*SUPPLIED MATERIAL*.

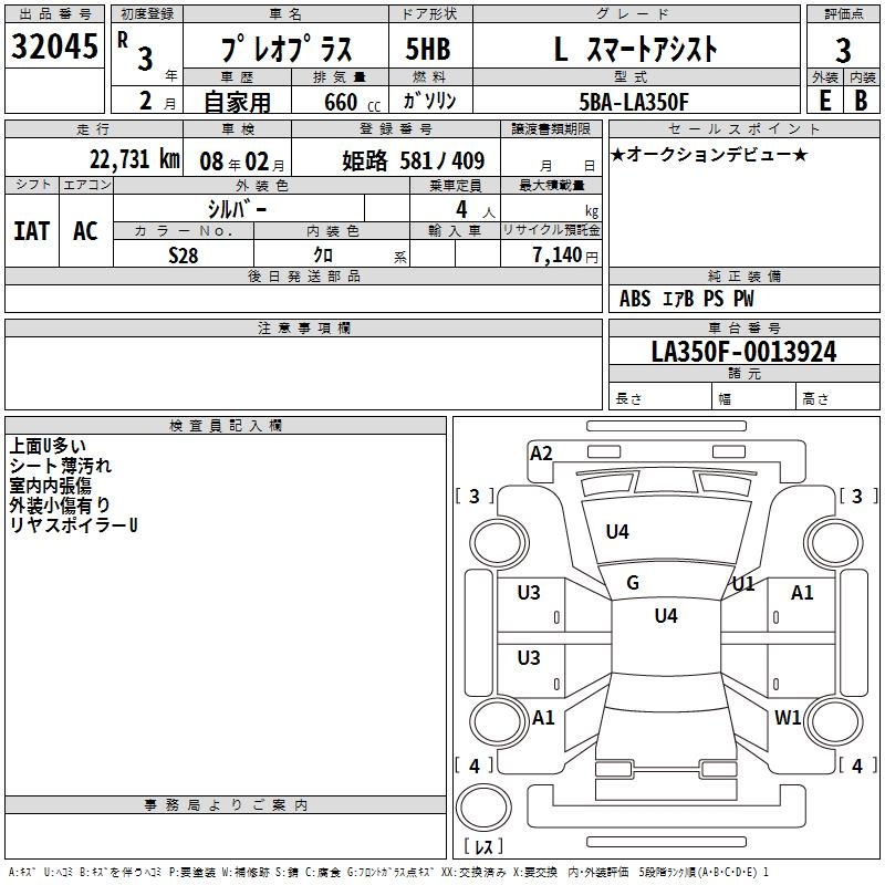 SUBARU PLEO PLUS - лот 32045
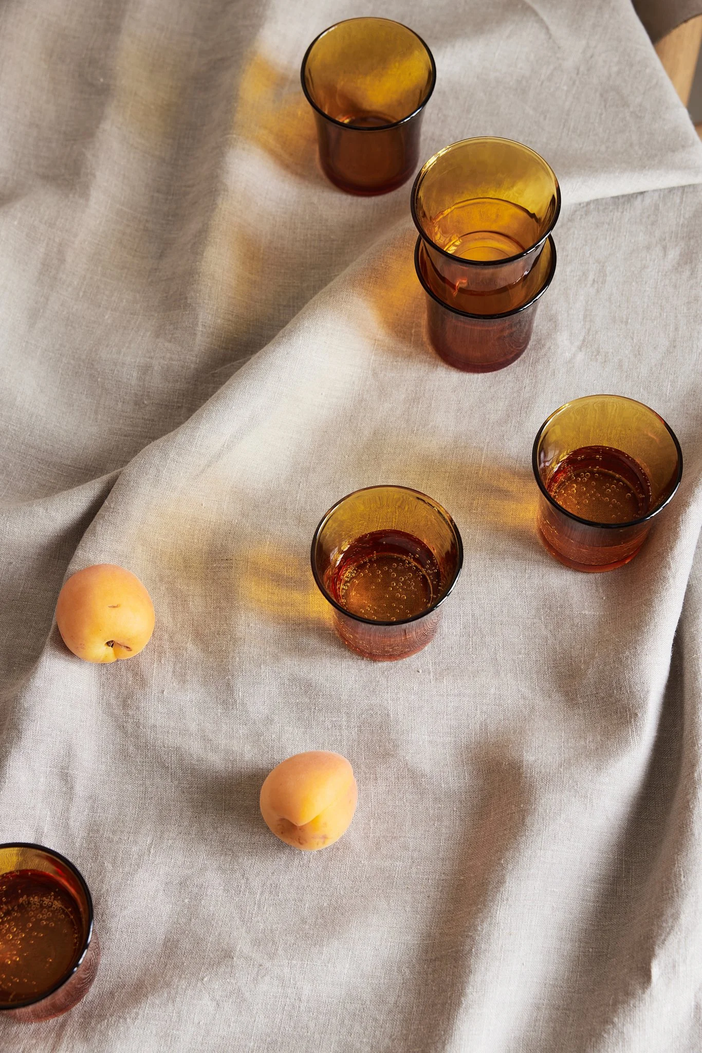 These amber glasses were from Imprint House (try these for something similar), but you can often find similar vintage styles at local charity shops. For a similar effect, serve kombucha or Aperol Spritz in a clear glass!
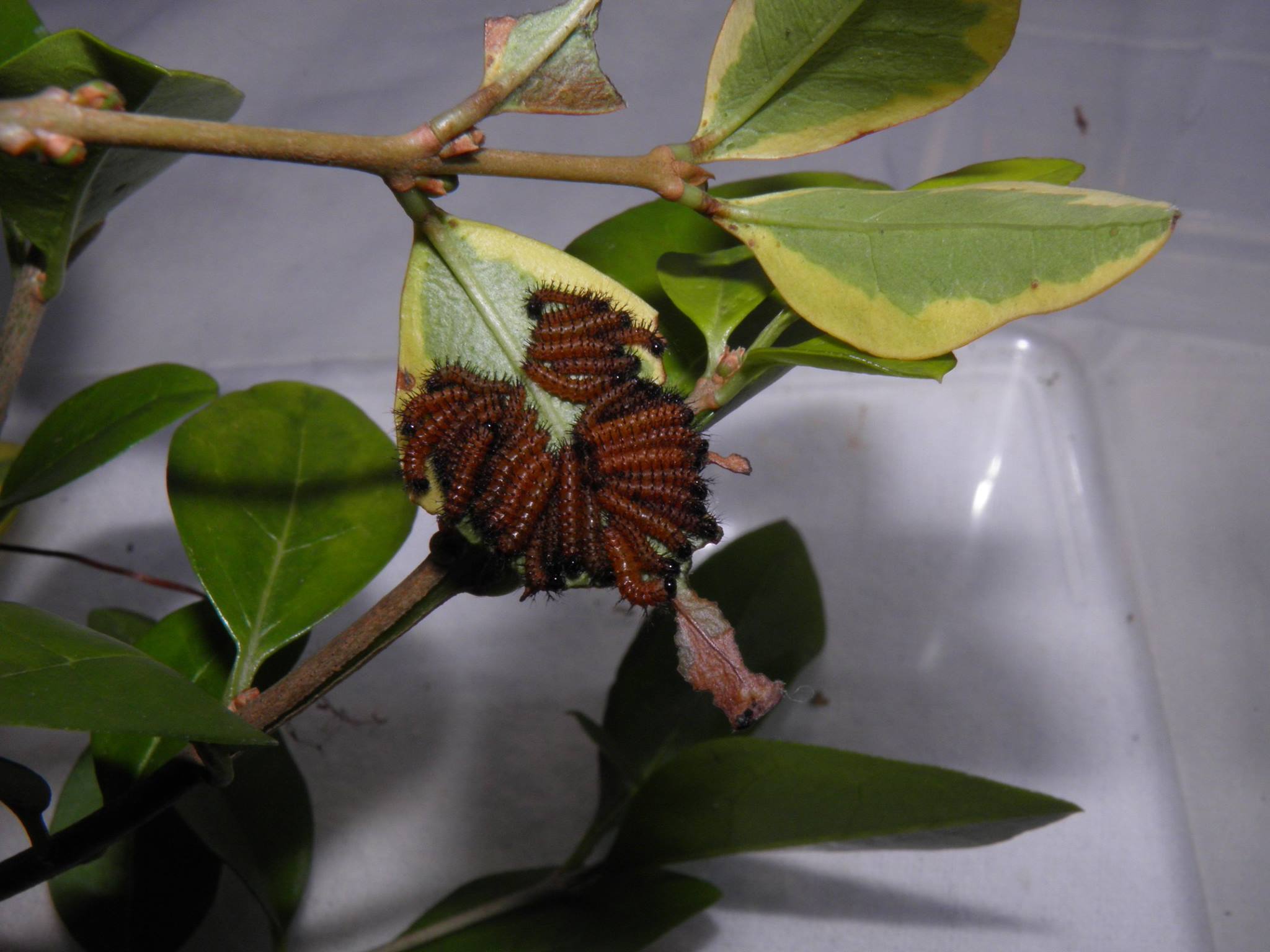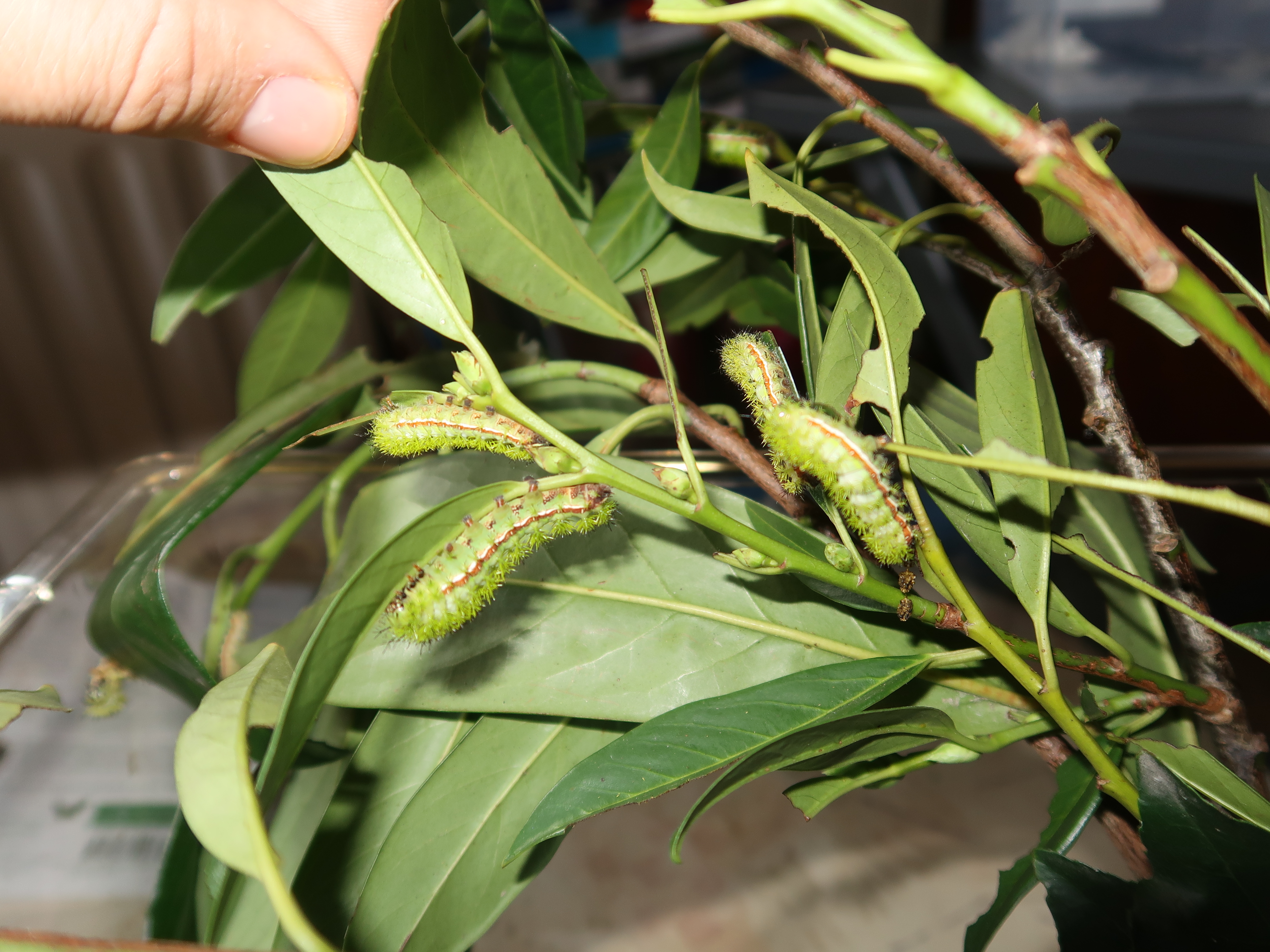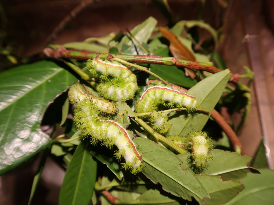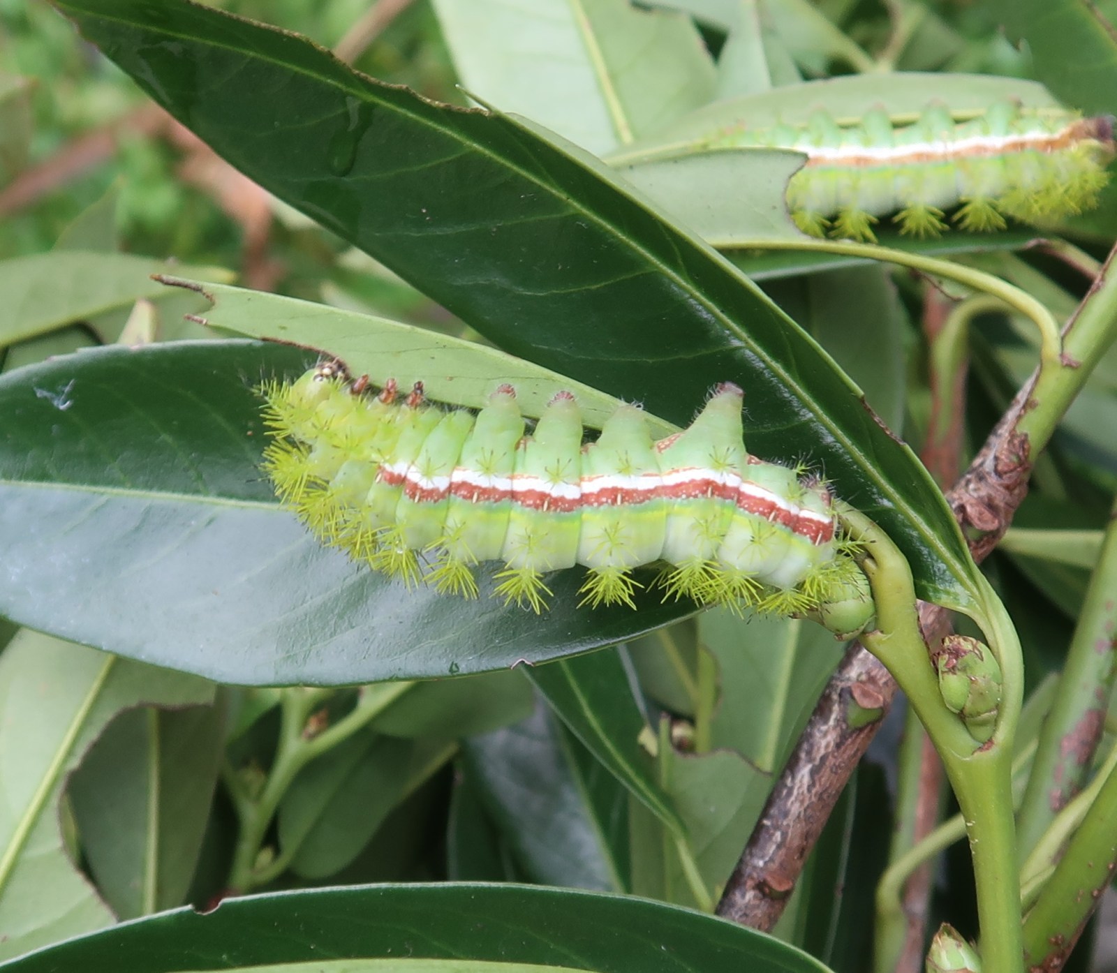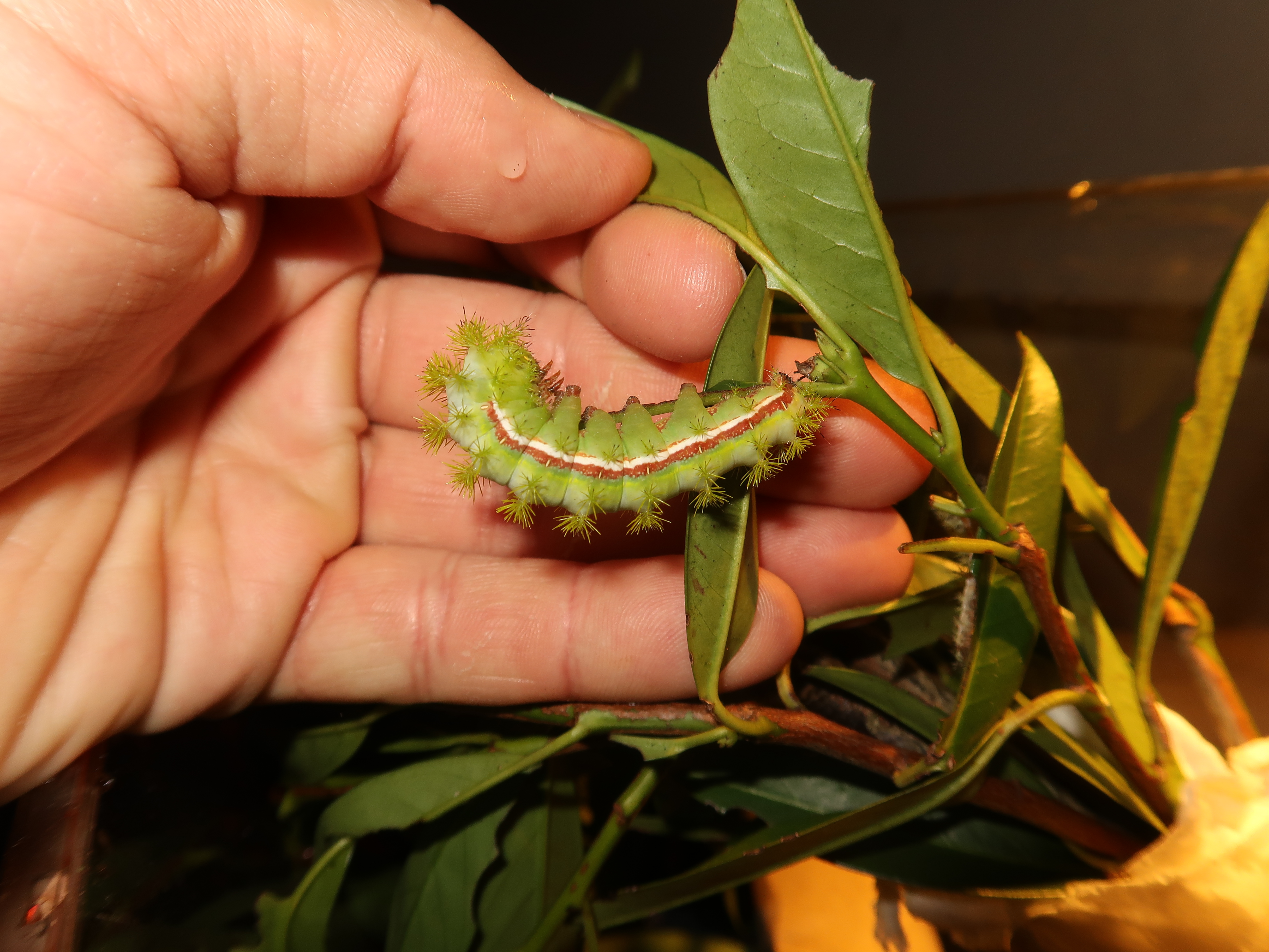 Automeris L1 on Ligustrum ovalifolium

*PROBLEM STATEMENT*. Pictures excluded, quote all the data above exactly.

*WRITTEN REPLY*.
 SUBARU PLEO PLUS - лот 32045
 These amber glasses were from Imprint House (try these for something similar), but you can often find similar vintage styles at local charity shops. For a similar effect, serve kombucha or Aperol Spritz in a clear glass!
 Automeris L1 on Ligustrum ovalifolium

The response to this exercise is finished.